The lender said that the scale of the client outflows — which followed a string of social media rumours about its financial health — had led the bank to dip into liquidity buffers at the group and legal entity level. Credit Suisse said that it had “fallen below certain legal entity-level regulatory requirements”.

“Credit Suisse began experiencing deposit and net asset outflows in the first two weeks of October 2022 at levels that substantially exceeded the rates incurred in the third quarter of 2022,” the bank said in a statement.

The wealth management division has suffered outflows equivalent to 10 per cent of assets under management at the end of the third quarter, it added.

JPMorgan analyst Kian Abouhossein warned that “Credit Suisse is not out of the woods yet in terms of stabilising the franchise”.

“Wealth management outflows at 10 per cent of assets under management in the fourth quarter (until 11 November) are very material at a level seen by UBS in the global financial crisis on an annualised basis and not in one quarter.”

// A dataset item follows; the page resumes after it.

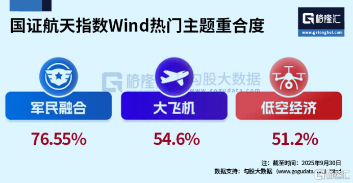 综合来看,通过相关ETF基金来布局往往是市场更加认同的稳健策略。比如航空航天ETF(159227)跟踪指数国证航天指数,堪称可以一键实现“军工+卫星”双轮驱动,其在申万一级行业分类中,与国防军工权重占比高达98.2%,是全市场最“纯”军工指数,同时该指数与低空经济、卫星互联网、商业航天等热门主题高度契合——与申万二级行业的“航空装备+航天装备”权重合计超68%,与军民融合含量高达76.55%,与大飞机和低空经济的含量也均超50%。
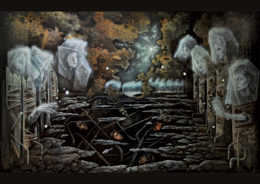 «Aquelarre», ejecutada en 2014 como una monumental pieza de técnica mixta sobre madera (150 x 200 cm en su formato original), es una de sus composiciones más imponentes. La obra nos sitúa frente a una fosa tectónica donde un laberinto de tuberías atrapa rostros durmientes o ahogados en aguas oscuras. Flanqueando este abismo, figuras femeninas espectrales, coronadas por enigmáticos velos geométricos, presiden el silencio de la escena, iluminadas apenas por orbes flotantes y el resplandor de un bosque distante. Es una reinterpretación moderna y profundamente inquietante de la reunión de brujas.

The bank’s shares fell 3.5 per cent in early trading on Wednesday.

Credit Suisse is due to hold an emergency shareholder meeting on Wednesday to seek approval for a SFr4bn capital raise to help pay for a radical restructuring of the group.

The Swiss bank said on Wednesday that its wealth management division was likely to post a loss after net interest income took a hit from lower deposits and fees. It also expects the investment bank to make a significant pre-tax loss.

“The massive net outflows in wealth management, Credit Suisse’s core business alongside the Swiss bank, are deeply concerning — even more so as they have not yet reversed,” said Vontobel analyst Andreas Venditti.

“The resulting significant assets under management decline will reduce our revenue and long-term profit estimates. Credit Suisse needs to restore trust as fast as possible — but that is easier said than done.”

The bank also confirmed its capital ratio guidance issued last month, targeting a common equity tier one ratio — a reflection of financial resilience — of more than 13.5 per cent by 2025 and of at least 13 per cent from 2023 to 2025.

Last month, the bank announced its restructuring plan, including carving up and spinning off its investment bank, cutting thousands of jobs and raising $4bn in capital, to help it move on from scandals and a SFr4bn third-quarter loss.

It expected to record a SFr75mn loss on the disposal of its stake in Allfunds Group, the bank added.